■ Record set:
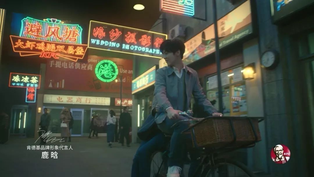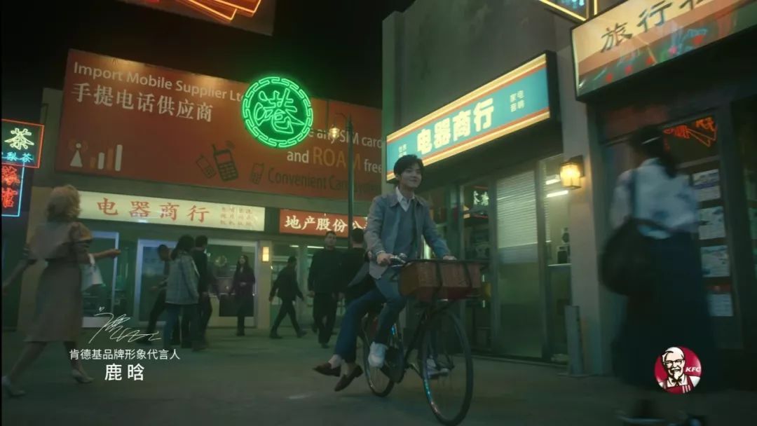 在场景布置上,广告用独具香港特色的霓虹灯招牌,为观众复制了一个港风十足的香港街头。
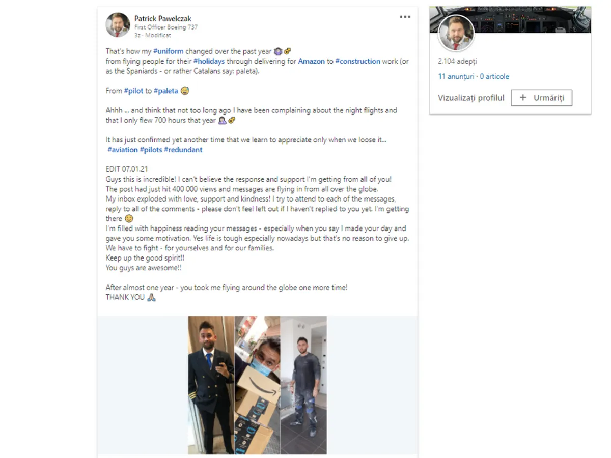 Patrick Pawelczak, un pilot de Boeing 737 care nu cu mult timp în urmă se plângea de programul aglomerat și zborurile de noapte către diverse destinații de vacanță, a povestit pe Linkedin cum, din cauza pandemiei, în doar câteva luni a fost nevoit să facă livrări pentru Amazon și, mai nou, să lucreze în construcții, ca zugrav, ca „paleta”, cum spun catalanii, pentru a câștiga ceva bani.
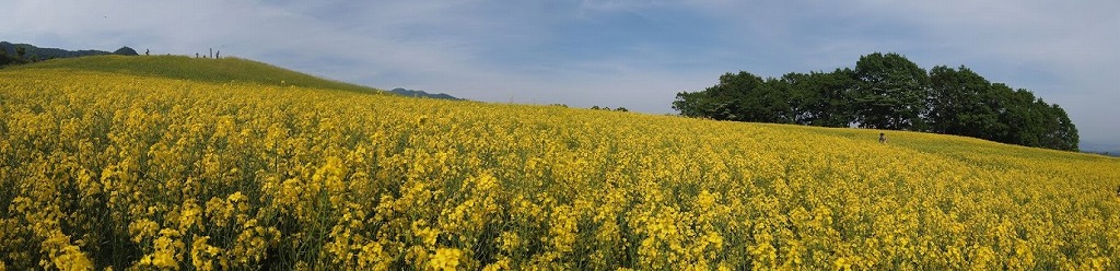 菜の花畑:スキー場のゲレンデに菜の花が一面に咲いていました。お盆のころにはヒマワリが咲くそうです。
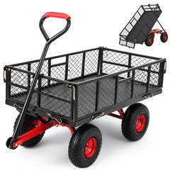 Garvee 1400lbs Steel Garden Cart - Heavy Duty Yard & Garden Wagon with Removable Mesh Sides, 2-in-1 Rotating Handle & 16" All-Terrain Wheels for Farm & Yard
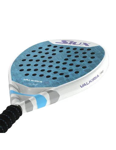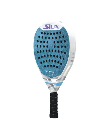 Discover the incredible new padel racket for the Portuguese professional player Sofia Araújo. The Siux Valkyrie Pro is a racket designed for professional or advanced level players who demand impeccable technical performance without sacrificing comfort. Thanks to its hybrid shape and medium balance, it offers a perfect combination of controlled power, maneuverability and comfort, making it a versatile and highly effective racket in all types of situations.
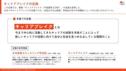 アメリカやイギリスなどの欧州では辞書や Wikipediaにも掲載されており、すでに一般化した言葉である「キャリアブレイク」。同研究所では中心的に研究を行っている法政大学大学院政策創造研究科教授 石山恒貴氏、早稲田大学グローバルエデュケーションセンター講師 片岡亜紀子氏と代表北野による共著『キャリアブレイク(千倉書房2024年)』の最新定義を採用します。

■ Try it:
Where a line contains "Discover the incredible", begin there and transcribe every line through the last one of the records above, exactly and with no pictures.

■ Answer for the task:
 Discover the incredible new padel racket for the Portuguese professional player Sofia Araújo. The Siux Valkyrie Pro is a racket designed for professional or advanced level players who demand impeccable technical performance without sacrificing comfort. Thanks to its hybrid shape and medium balance, it offers a perfect combination of controlled power, maneuverability and comfort, making it a versatile and highly effective racket in all types of situations.
 アメリカやイギリスなどの欧州では辞書や Wikipediaにも掲載されており、すでに一般化した言葉である「キャリアブレイク」。同研究所では中心的に研究を行っている法政大学大学院政策創造研究科教授 石山恒貴氏、早稲田大学グローバルエデュケーションセンター講師 片岡亜紀子氏と代表北野による共著『キャリアブレイク(千倉書房2024年)』の最新定義を採用します。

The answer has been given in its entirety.